### About this exercise
Lines from the one containing "the machine frame." through the final line of the data, restated word for word and free of pictures, make up the whole answer.

### Dataset extract
────────────────────

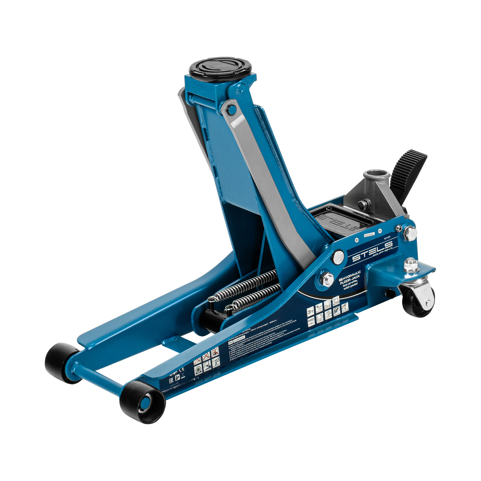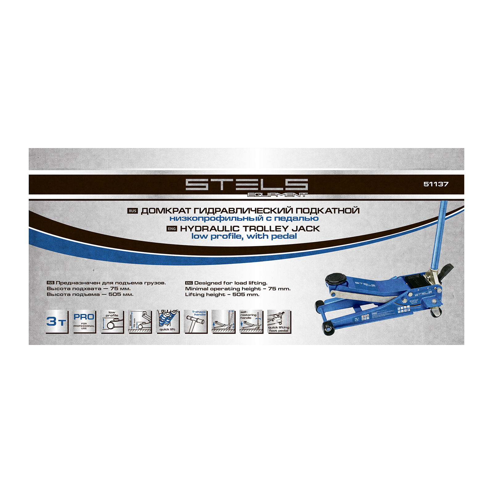 Гидравлический подкатной домкрат Stels QUICK LIFT 51137 с педалью и функцией быстрого подъема на высоту с 75 до 505 мм — эксклюзивная модель, разработанная для профессионального применения. Обладает сверхнизким подхватом 75 мм и поднимает груз до 3 тонн на высоту до 505 мм. Домкрат оснащен педалью, позволяющей быстро подвести опорную площадку к кузову автомашины. Система QUICK LIFT ускоряет поднятие автомобиля, а усиленная конструкция и инновационная система закрытия клапана в несколько раз повышают ресурс домкрата.
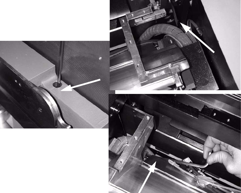 : Pull the cables that run in the cable duct below the empty tape cutter out of the machine frame.
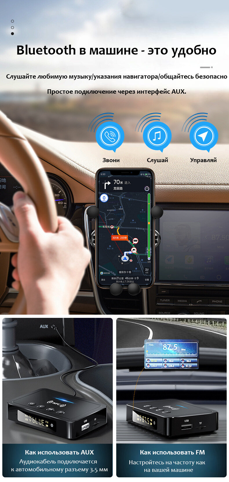 | Плюсы: | реально удобно для тех к кого нет блютуз а в машине,можно также использовать и дома. Не фонит |
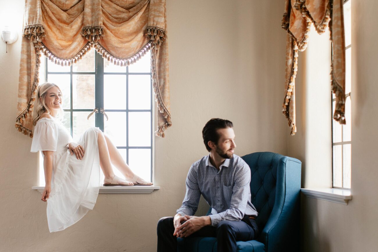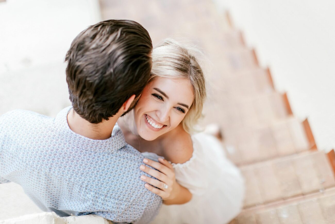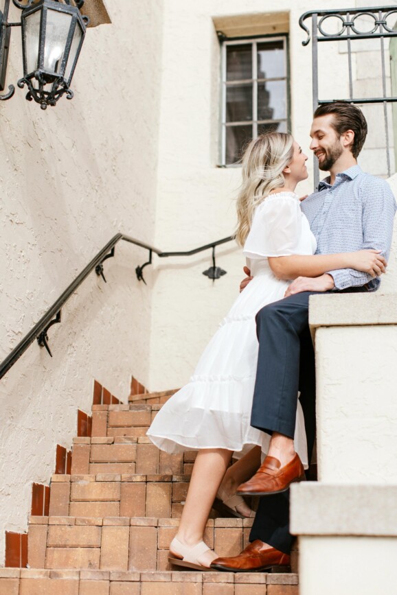 As you step onto the grounds of The Powel Crosley Estate, you’ll be transported back in time to an era of refined sophistication and grandeur. Built in the 1920s by renowned entrepreneur Powel Crosley Jr., this Mediterranean Revival-style mansion exudes old-world charm at every turn. From its majestic columns and ornate architecture to its lush gardens and sweeping waterfront views, The Powel Crosley Estate provides a stunning backdrop for an unforgettable photography engagement session. This is place is a wedding photographer’s dream and we know it like the back of our hand! When we met with Amanda and Joe for their session at the Powel, everything fell into place perfectly. From the first shot we took, it was evident that these two were madly in love. Their cute and playful vibe kept everything light and easy going so all we had to do was position them in the best light and give them small suggestions to come away with these stunning images.

────────────────────

### Your solution
 : Pull the cables that run in the cable duct below the empty tape cutter out of the machine frame.
 | Плюсы: | реально удобно для тех к кого нет блютуз а в машине,можно также использовать и дома. Не фонит |
 As you step onto the grounds of The Powel Crosley Estate, you’ll be transported back in time to an era of refined sophistication and grandeur. Built in the 1920s by renowned entrepreneur Powel Crosley Jr., this Mediterranean Revival-style mansion exudes old-world charm at every turn. From its majestic columns and ornate architecture to its lush gardens and sweeping waterfront views, The Powel Crosley Estate provides a stunning backdrop for an unforgettable photography engagement session. This is place is a wedding photographer’s dream and we know it like the back of our hand! When we met with Amanda and Joe for their session at the Powel, everything fell into place perfectly. From the first shot we took, it was evident that these two were madly in love. Their cute and playful vibe kept everything light and easy going so all we had to do was position them in the best light and give them small suggestions to come away with these stunning images.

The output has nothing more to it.